I love yoga and spend weekends at Maha Yoga, as the class led by owner Steve Ross is amazing. I also like Kundalini and frequent Yoga West on occasion. On weekends, I also do beach walks along Ocean Avenue, followed by the Santa Monica Stairs, or a hike in Mandeville Canyon with friends. 

LTP: How has your interest in wellness impacted the hotel where you work? What programs have you all implemented since your arrival?

KK: The culinary team at Four Seasons Hotel Los Angeles at Beverly Hills has been very open to healthy suggestions. Executive Chef Ashley James created vegan StrEAT food menu items in Windows Lounge and a farmer's market salad station at our famous Sunday Brunch. Chef Ashley also created the Young Hollywood Salad, which has hemp seeds, organic greens, strawberries, blueberries and cucumbers. 
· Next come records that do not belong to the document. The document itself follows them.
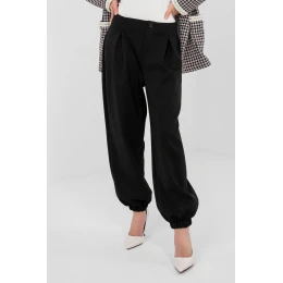 Ležérne tepláky typu jogger spájajú pohodlie a štýlový vzhľad, ideálne na každý deň a do pracovného prostredia v uvoľnenom štýle. Sú vyrobené z mäkkej a elastickej zmesi viskózy s prídavkom elastanu, poskytujú pohodlie pri nosení a voľnosť pohybu. Model s hladkým vzorom a ozdobnými záložkami na prednej strane, ktoré dodávajú nohaviciam elegantný charakter. Zadný elastický pás zabezpečuje dobre padnúci strih. Nohavice zakončené manžetami zvýrazňujú jogger strih a zabezpečujú pohodlie pri nosení. Nohavice nemajú zapínanie, bočné vrecká zvyšujú ich funkčnosť. Celkový vzhľad dotvára ozdobný gombík, ktorý je štýlovým detailom. Ideálne na každodenné štylizovanie s mikinou, svetrom alebo tričkom.
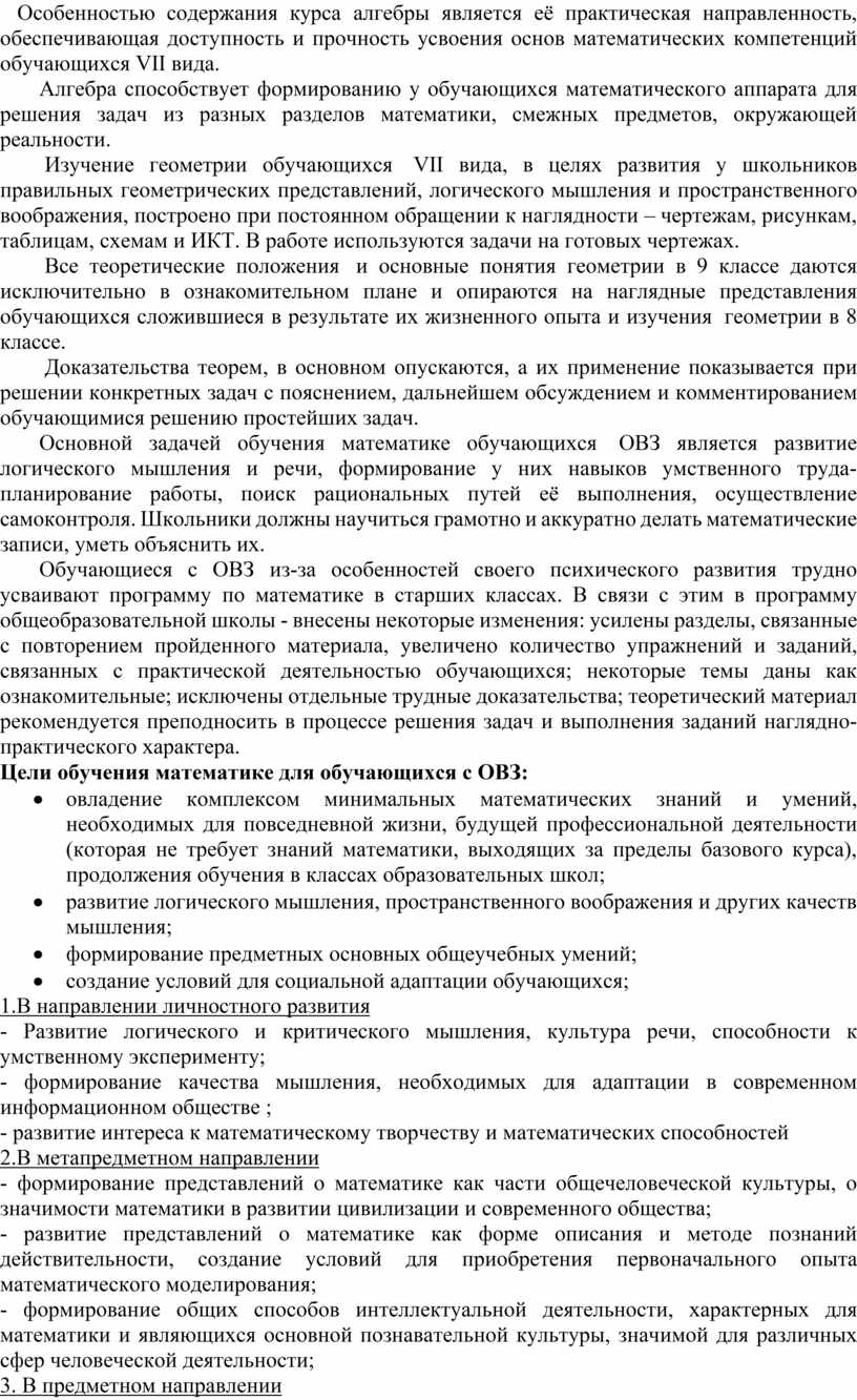 Особенностью содержания курса алгебры является её практическая направленность, обеспечивающая доступность и прочность усвоения основ математических компетенций обучающихся VII вида.
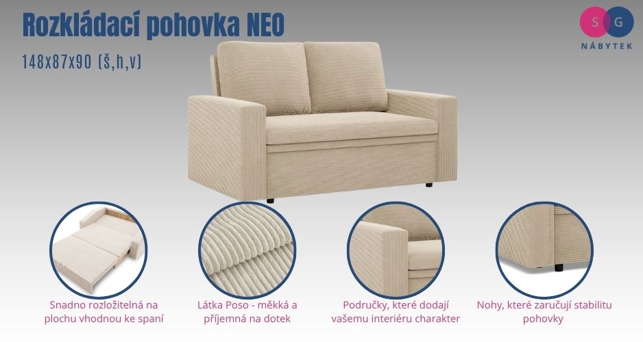 Rozkládací pohovka NEO - rovný bok - Poso.
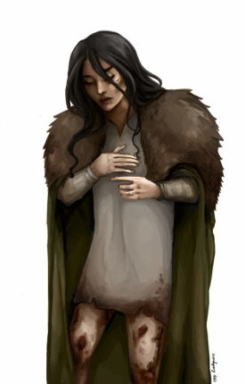 “Cease your bids for murder, you wretch,” she hisses, letting loose a stone across the ground. The heavy thunk where it sinks into the dirt sends a cry of alarm into the air as one crow takes flight; following it are many others, joining in the cacophony of piercing screams as they take into the night sky. The absence of the crows milling around offers her little comfort where she sits, by a cold hearth, acting as the lone warden to a dead man.
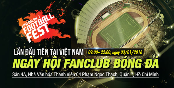 Một lựa chọn hay ho khác dành cho các bạn, đó là tham gia các hoạt động, các sự kiện lớn cho “khuây khỏa đầu óc”. Đối với game thủ FIFA Online 3 mà nói, nếu bạn ở TP. Hồ Chí Minh vào cuối tuần này thì từ 9h sáng đến 22h tối, có một sự kiện cực thú vị mà không thể bỏ lỡ: FOOTBALL FEST 2016 tại Nhà văn hóa Thanh niên, số 4 Phạm Ngọc Thạch, Q1, TP. HCM.
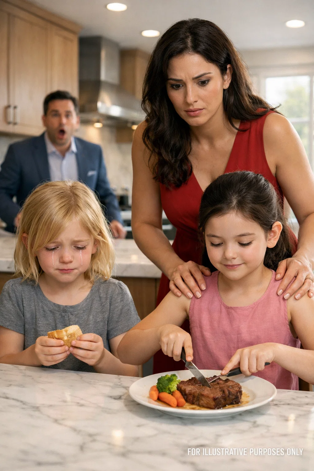 “Mom… can I have a little more, or is that it?” Her voice was so soft it nearly disappeared beneath the low hum of the refrigerator. She was seven years old, sitting at a long polished oak table in an immaculate home in Westlake Village, California — the kind of house that smelled like lemon cleaner, expensive candles, and dinner straight from the oven. And yet her plate held only a slice of dry bread… and a glass of water. Across from her, her stepsister Madison — eight years old, pink cheeks,…
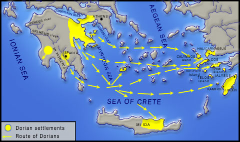 The route followed by the Dorians towards the coast of Asia Minor and their settlements. 950-800 BC. Christopoulos, G. (ed.), Istoria tou Ellinikou Ethnous, vol. 2, Ekdotiki Athinon, Athens 1977, p. 27. Processing: Foundation of Hellenic World.
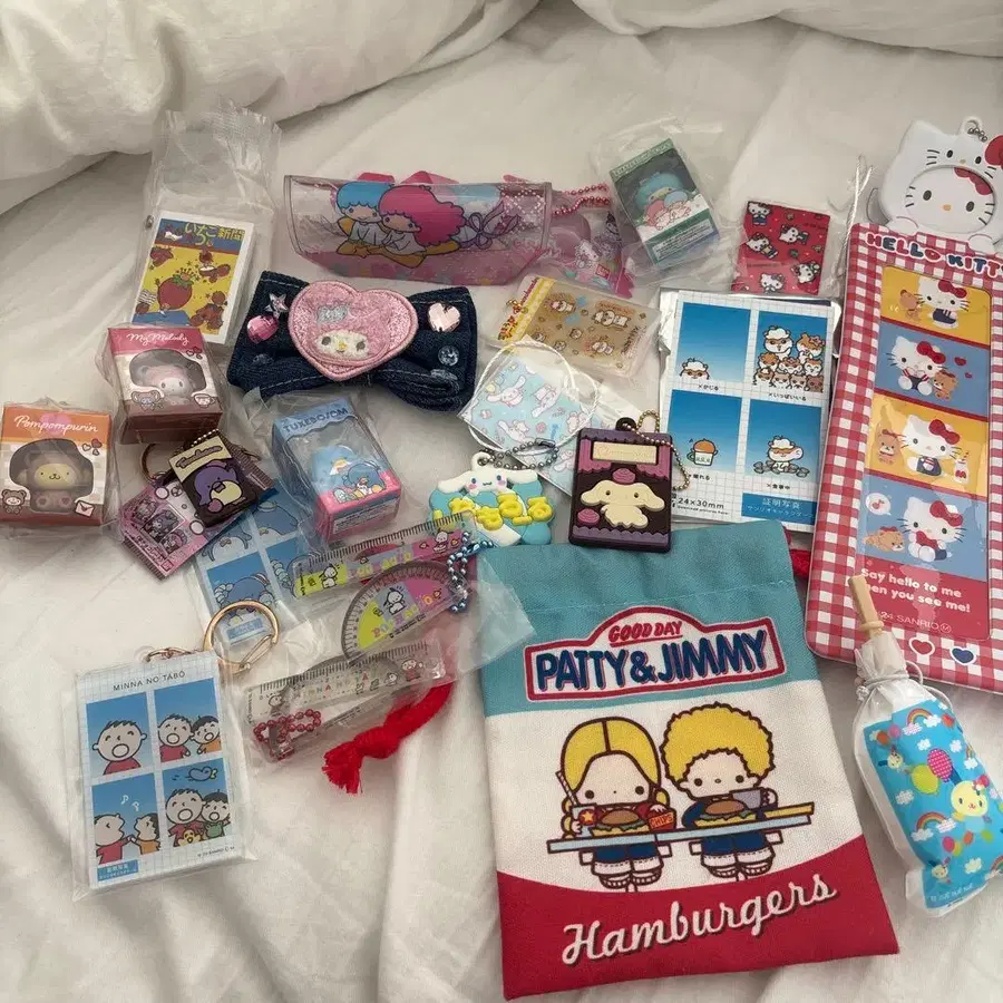 산리오 캐릭터즈 세트입니다. 키티, 마이멜로디, 시나몬, 포차코, 폼폼푸딩, 키키라라, 코로코로쿠리린, 샘, 타아보, 우사하나, 파티&지미 세트입니다. 모두 자택 보관으로 미사용입니다. 낱개 판매 불가.
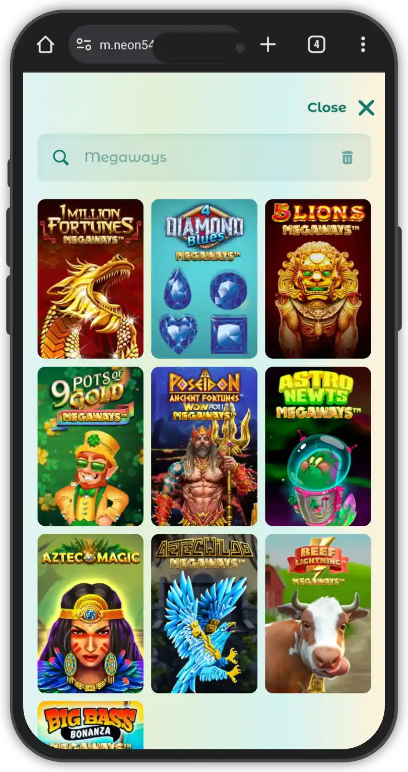 Neon54 Casino has a vast library of over 4,500 game titles powered by 93 providers. The majority consists of slots, with an impressive collection of progressive jackpots, table and card games and especially video poker. Magaways slots are also featured on the platform, however, they are hard to find, since they don’t have a separate dedicated category and the search bar displays only ten results at a time. The overall design of the website is good, with a bright neon theme, and decent filters for more convenient accessibility. It’s truly an all-inclusive and varied game offer.
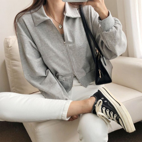|CMJ6769|여성 캐주얼 면혼합 절개 후드 크롭 집업
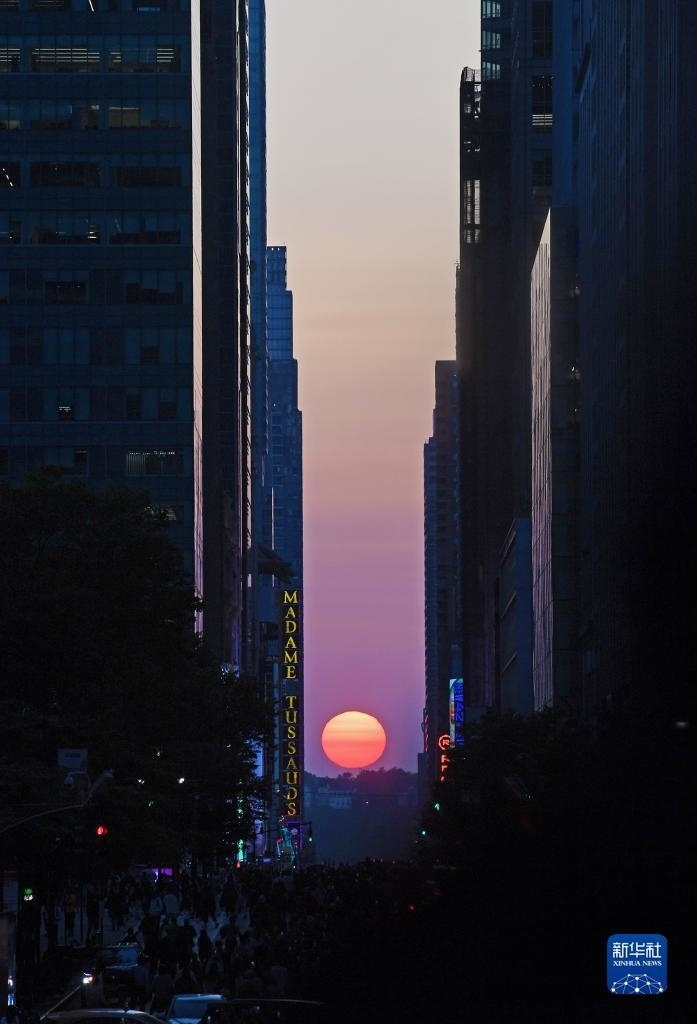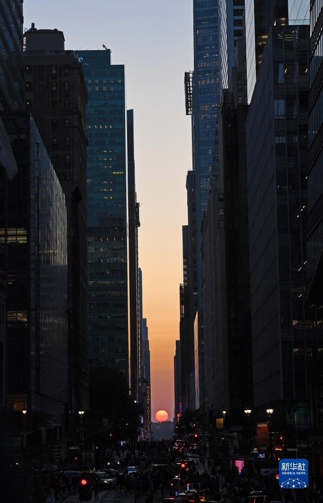 當日,紐約出現(xiàn)“曼哈頓懸日”景觀?!奥D懸日”是紐約市標志性景觀,每年5月和7月出現(xiàn)兩次,指日落時太陽正好出現(xiàn)在曼哈頓東西向街道正上方、似乎懸在兩側(cè)高樓大廈之間的戲劇性畫面。新華社記者 李睿 攝

They were also very receptive to the idea of a juice menu and launched Squeezed: guests can create their own juice from several ingredients, including kale, celery, ginger, lemon, cayenne, watermelon, mint, fennel, parsley, Asian pear, green apple, pineapple etc. Our chef also developed three juice blends too, which are very popular with our guests. Our general manager, Mehdi Eftekari, is a huge fitness enthusiast and partnered with Blue Clay Fitness to create more than 200 customized workouts available through our in-room iPads. I am fortunate to work with such a health-minded team.

LTP: Tell us a bit about this new retreat, which launched over Labor Day Weekend.

KK: We put together a wellness weekend with celebrity fitness trainers, Blue Clay Fitness; Kimberly Snyder, a nutritionist for Kerry Washington, Drew Barrymore, Fergie and Vince Vaughn (to name a few); and Steve Ross from Maha Yoga. We are currently scheduling the next one. The program included a healthy dinner at Culina, a nutrition seminar with Kimberly Snyder, a cooking demonstration with Executive Chef Ashley James, a Runyon Canyon hike with Blue Clay Fitness and a yoga session with Steve Ross. As you can tell, I got to bring all my favorite leaders in the wellness community together!

Next up, we are filming five nutrition videos with Kimberly Snyder focused on getting “Red Carpet Ready,” navigating holiday parties, the ideal foods or smoothies to eat after working out, the best meal to have after a spa treatment and more.

LTP: What does happiness look like to you?

KK: Happiness is living a healthy life and traveling often. I am most happy in the Greek Islands, especially sailing from island to island, enjoying the local cuisine. My favorite dishes include Greek salads with organic ripe tomatoes, bell peppers, onions and the best olive oil and seasoning (without feta); steamed "horta" dandelion greens; baked stuffed tomatoes with rice; and fava, the Greek version of hummus. I also love traveling to South America, Miami and Hawaii. To me, happiness is not as much about material possessions, but more about unique experiences that change your life.

LTP: What does it mean to you to “Live The Process” and how do you do that every day?

KK: I believe “Living The Process” means caring for the environment, including all animals and sea life, as well as truly caring for family and friends. I also believe it is important to travel the world and experience different cultures. I have learned more from traveling than from anything else. It is important to care for your body through exercise and diet. I believe in living life to the fullest and taking advantage of any opportunities that come my way. For instance, I have been fortunate to live on Maui and experience that culture through a previous job. It is important to embrace life, surround yourself with positive people and be grateful for every moment!